И сел я с алюминиевой миской, в котором лежали половник «пюре» и отвоёванный кусок трески. А напротив сидел тракторист с лесоповальной бригады, молдаванин Миша Гелас. Мы с ним не работали вместе, не земляки (я с Крыма призвался), не друзья. С одного призыва, правда. И Миша, громко проглотив слюну, низко наклонился над тарелкой, старясь не глядеть на меня. Не смог я есть, чуть не подавился. И, поколебавшись, разломил хвост трески на два куска. Один был побольше. Ещё дольше поколебавшись, испытав страшные муки совести и жадности одновременно (амбивалентность, ети ее!), взял кусок поменьше и дал его Мише:

– Держи, братан.

– Спасибо, – сказал Миша.

А за моей спиной стоял наш прапорщик, ротный старшина. Его совсем недавно назначили старшиной, и он тихо охреневал, глядя на наши порядки.

И он взял мою тарелку и отдал Мише, а его тарелку поставил мне. Большего стыда я за всю жизнь не испытывал. И одного такого случая более чем достаточно, более, чем все проповеди о любви к ближнему. Это ведь просто слова, звиздеть – не мешки ворочать.

На всю жизнь тогда усвоил правила чести. А для тех, кто этого в жизни не испытал: что такое делиться последним куском, когда сам падаешь от обмороки от голода, им не понять, что означает: «сам погибай – а товарища выручай!» Для них это просто слова, пустой звук, как и честь, долг, Родина.

И огромное спасибо нашему старшине.
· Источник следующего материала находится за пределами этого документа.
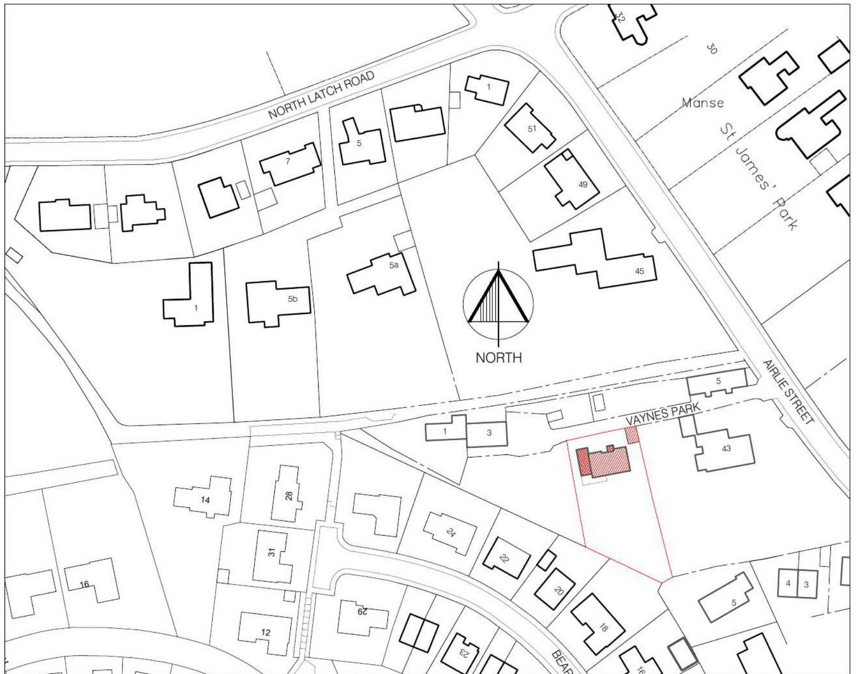
LOCATION PLAN 1:1250 0 20 40 60 80 100 SCALE OF METRES = 1:1250

Contains Ordnance Survey data. © Crown copyright and database right 2023. AC0000849494

Обычный советский прапорщик, с типичной для советского прапорщика фамилией Купченко. Сейчас я почёл бы за честь поздороваться с ним, проставиться ему. Но увы, не видел после службы никогда.

А порядок в нашей роте старшина вскоре навёл. Не уставной порядок, чтоб верхняя пуговица с крючочком были застёгнуты и кровати-одеяла по линеечке выровнены, а настоящий порядок. И дедушек поприжал. И на кухне жратву стали меньше разворовывать. И за стол садились по порядку, не хватали как звери.

А вы говорите…

Нет, вы, те кто не служили – не судьи мне. Вы не делились ПОСЛЕДНИМ.
-—
За что ж Анвара-то?
Конец 1981 года, Архангельская область, пос. Игиша, 827 военно-строительный отряд.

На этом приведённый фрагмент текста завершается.